Die außerordentlich weitwendigen Ausführungen des Beschwerdeführers enthalten kein substantiiertes Vorbringen. Dass die in Rede stehenden Waren, die bei der Hausdurchsuchung am vorgefunden wurden, von ihm aus dem Ausland ohne Stellung bei der Zollbehörde in das Zollgebiet verbracht wurden, wird von ihm nicht bestritten. Damit ist aber das Schicksal der Beschwerde bereits entschieden, weil dadurch der wie ausgeführt schuldunabhängige Tatbestand nach § 174 Abs. 3 lit. a erster Halbsatz ZollG 1988 erfüllt worden ist. Die ein Verschulden des Beschwerdeführers in Abrede stellenden Beschwerdeausführungen, mit denen offenbar auch verkannt wird, dass Gegenstand der angefochtenen Bescheide die Feststellung der Eingangsabgabenschuld und nicht eine Bestrafung nach dem FinStrG ist, gehen damit ins Leere.

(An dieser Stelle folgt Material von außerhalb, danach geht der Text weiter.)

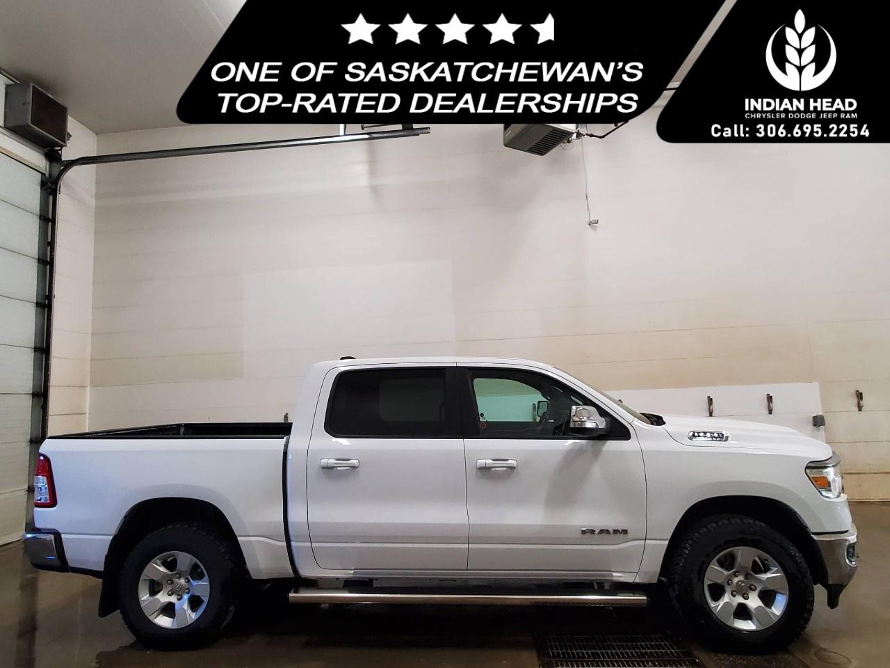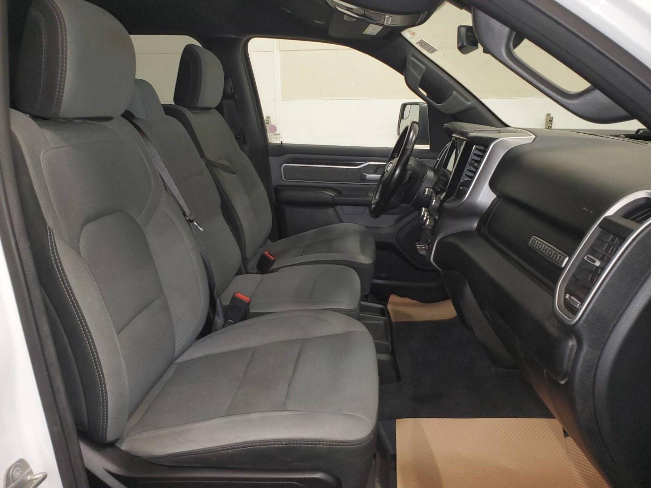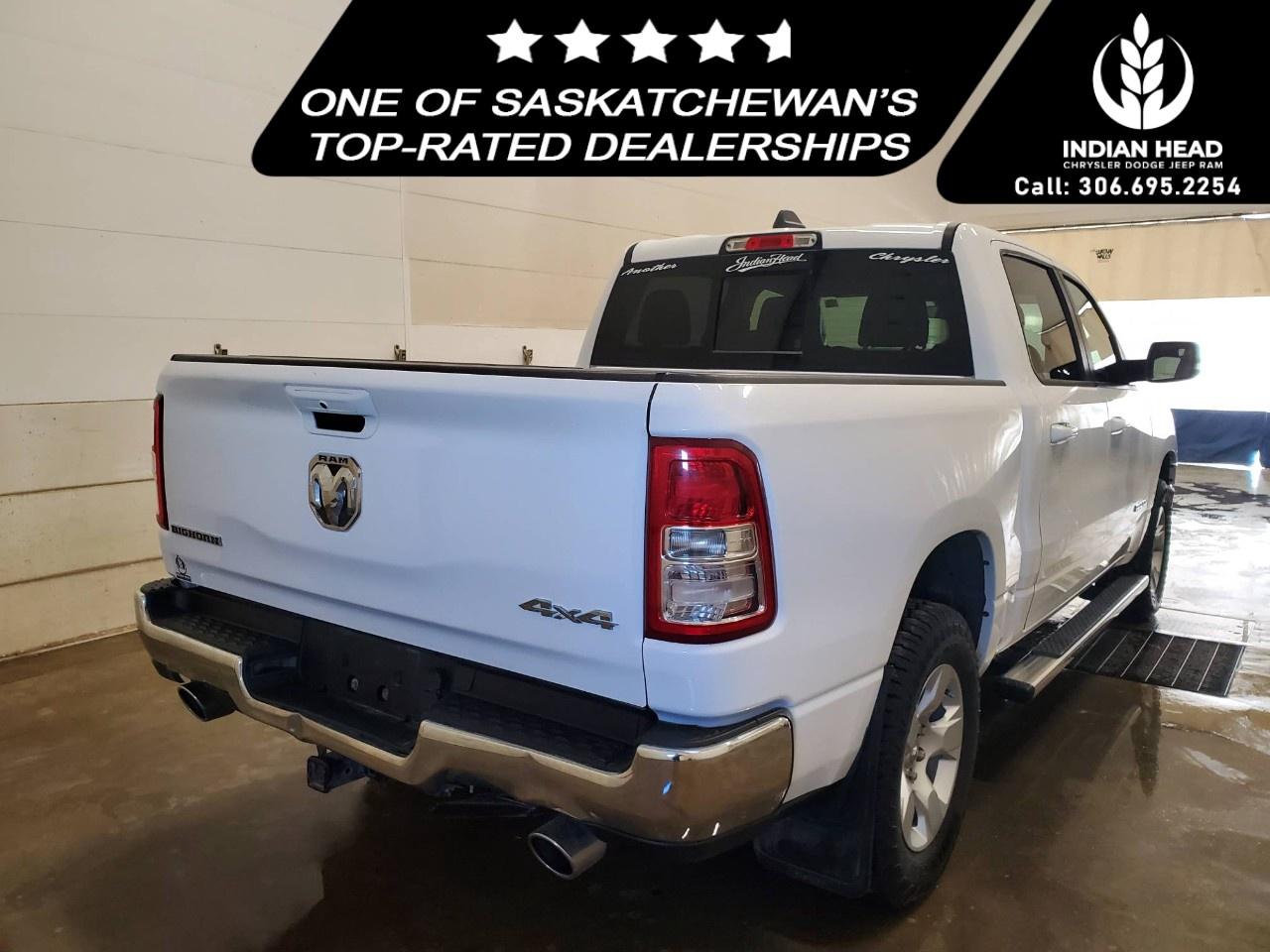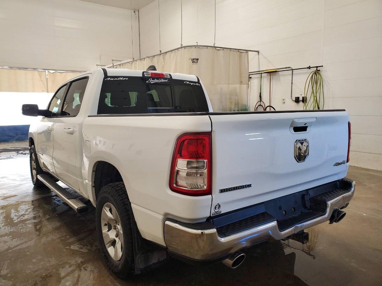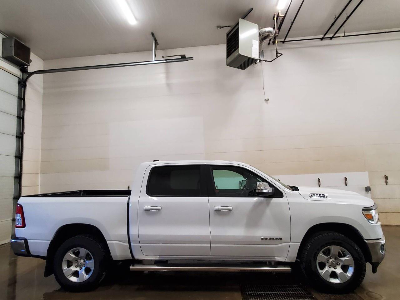 The 2022 Ram 1500 Big Horn 4x4 Crew Cab 5'7" Box in a classic white finish offers a robust and reliable driving experience with its capable 4×4 drivetrain and smooth handling. Perfect for those seeking both style and utility, this truck exudes confidence on and off the road.

Soweit der Beschwerdeführer die Frage stellt, wie es einem Dieb möglich sei, eine rechtmäßige Verzollung vorzunehmen, ist ihm entgegenzuhalten, dass der Begriff des "Verfügens" im Sinne des § 174 Abs. 3 lit. a erster Halbsatz ZollG 1988 nicht im zivilrechtlichen Sinn verstanden werden kann, weil es nicht darauf ankommt, wer über die Ware nach § 51 Abs. 1 ZollG 1988 verfügungsberechtigt ist, sondern nur darauf, wer über die Ware tatsächlich verfügt. Die tatsächliche Verfügung im Zeitpunkt der Entstehung der Zollschuld wurde vom Beschwerdeführer aber nicht in Abrede gestellt.

Mit der Verfahrensrüge, die Behörde habe ihm den genauen Wortlaut der Aussagen seiner seinerzeitigen Ehefrau und des Alois Müller nicht zur Kenntnis gebracht und damit das Parteiengehör verletzt, hat der Beschwerdeführer schon deswegen keine relevante Rechtsverletzung dargetan, weil nicht erkennbar ist, zu welchem anders lautenden Bescheid die belangte Behörde im Falle der monierten Vorgangsweise hätte gelangen können. Wenn sich der Beschwerdeführer in diesem Zusammenhang gegen die Beweiswürdigung der belangten Behörde, die den Aussagen des Alois Müller mehr geglaubt habe als seinen eigenen und denen der Ingeborg Batliner, wendet, so geht dieses Vorbringen schon deswegen ins Leere, weil sich die diesbezügliche Beweiswürdigung der belangten Behörde lediglich auf den Zeitpunkt der Entstehung der Eingangsabgabenschuld bezogen hat. Selbst wenn die Behörde auf Grund einer logisch unhaltbaren Schlussfolgerung hinsichtlich des Entstehungszeitpunktes (1989 statt - wie der Beschwerdeführer offenbar meint - 1992) zu einem unrichtigen Ergebnis gekommen wäre, könnte der Beschwerdeführer dadurch in seinen Rechten keinesfalls verletzt sein.

Die Beschwerde erweist sich somit zur Gänze als unbegründet, sodass sie gemäß § 42 Abs 1 VwGG abzuweisen war.

Die Kostenentscheidung stützt sich auf die §§ 47 ff VwGG iVm der Verordnung BGBl. Nr. 416/1994.